How do NixOS integration tests work?

If you haven’t read the blog post series above, here’s a quick summary: Your nix flake has an attribute set called checks that each define a test. Each test has definition for a set of NixOS machines (built as VMs) and a test script written in typechecked & linted python. Each machine exists as a variable in that python script, and you tell it things like wait_for_unit (wait until a systemd unit is started) or get_screen_text (OCR the pixels on the VM’s screen).

To a jaded programmer, this sounds like the typical e2e/high-level integration test disaster: The environment in which you run the tests can cause variances in how programs interact, leading to such delightful test failures as “Waiting for a thing timed out” (more on that later). But.

Why do they work?

To say I was surprised that, huh, they do in fact not break randomly all that much might be an understatement. I think I have an idea on the factors that make it work so well:

  • The machines constructed by the test framework are extremely realistic, running real NixOS. It’s not hard at all to define one. Look at headscale’s integration test - that defines a working machine running tailscaled.

  • The network connecting these machines is extremely realistic. Your machines can see each other and they have DNS entries. They have firewall rules that are effective, just like in the real world.

  • The test driver itself makes use of a ton of qemu’s features. You can OCR text(!), you can simulate plugging in a USB drive. You can reboot the machine, if you want!

  • And despite all that realism, the default setting for software on the machine is “everything keeps running”. NixOS comes with extremely reasonable defaults and has a really well-done integration with systemd. And if you need to deviate from these defaults, you can!

  • But I suspect most of all, the nixos integration test suite gets exercised on a lot of pull requests to the nixpkgs repo, of which there have been nearly a quarter million merged. That tends to take the sharp edges off.

A working test takes only about 1 minute to complete. I was very surprised at that speed.

Getting it working for tsnsrv

So tsnsrv’s nix integration is via a nix flake, which is a relatively new concept in nix; it uses flake.parts, which is a relatively new library for working with flakes; all that contributes to stuff just requiring a lot of trial and error. I did this to myself, you could say.

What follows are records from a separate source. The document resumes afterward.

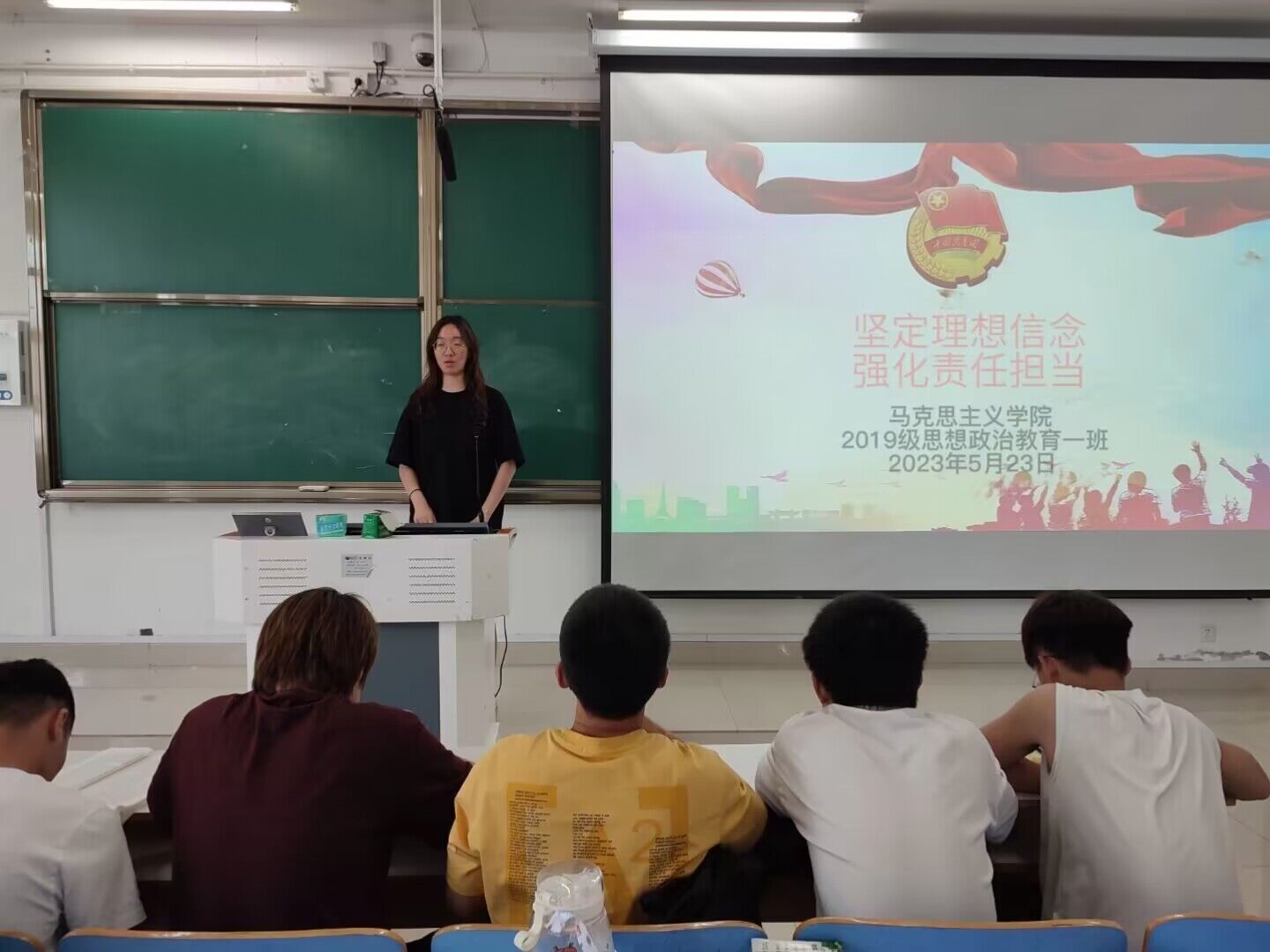 5月23日,2026年世界杯官网2019级思想政治教育一班团支部在社科楼514教室召开“坚定理想信念,强化责任担当”主题团课。2026年世界杯官网2019级思想政治教育一班全体团员参加本次团课。团课由团支书贾子漪主持。
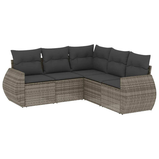 5 pc Garden Sofa Set with Gray Polyrattan Cushions
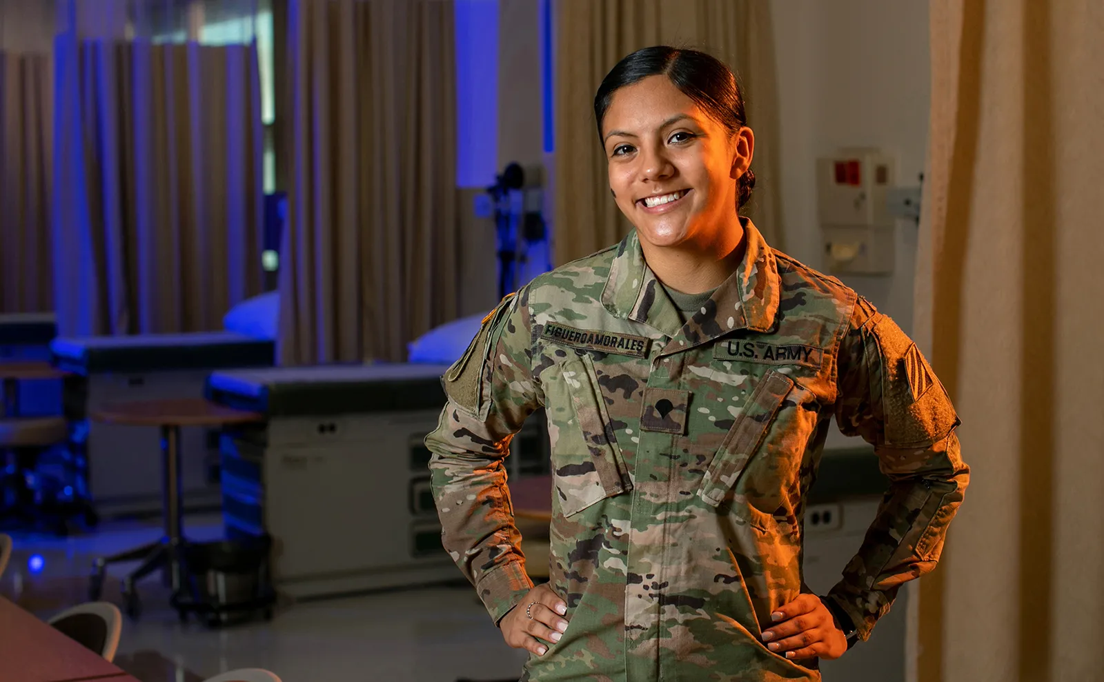 Kennesaw State University student Johana Figueroa Morales is a combat medic with the National Guard is shown in a nursing lab in the Prillaman Health Sciences at Kennesaw State University Thursday August 22, 2019. Morales took classes at KSU last fall, but then took the spring 2019 semester off because she was on a deployment to Afghanistan and Kuwait as a combat medic with the National Guard.

Fortunately, it’s not super difficult to come up with the buttons to push to get a running test, but it did take some digging. Here’s the flake-part.nix file that will invoke a test. Annoying bits to figure out included:

And at that point, I had a working integration test that finished in under 50s on my linux machine, and I could iterate.

So then, it was just a few-hours affair to come up with a test that could:

  1. set up headscale
  2. set up tailscale that authenticates to headscale
  3. set up tsnsrv that authenticates to headscale and sets up a proxy listening for plaintext HTTP.
  4. Try to reach a site exposed on tsnsrv

…and that worked: tests passed (and I had tried breaking a few things to see the tests fail - which they did!), so I merged the change that introduced that e2e test.

But oh no: Surprise timeouts.

With this in place, I was confident to proceed merging some more of the great contributions that people made, and the first one I attempted to merge immediately failed that e2e test: The tests said “timed out”. That was two hours after I’d merged the tests, so I was definitely suspicious of the tests themselves: end-to-end tests only do this if they’re very distressed, etc etc.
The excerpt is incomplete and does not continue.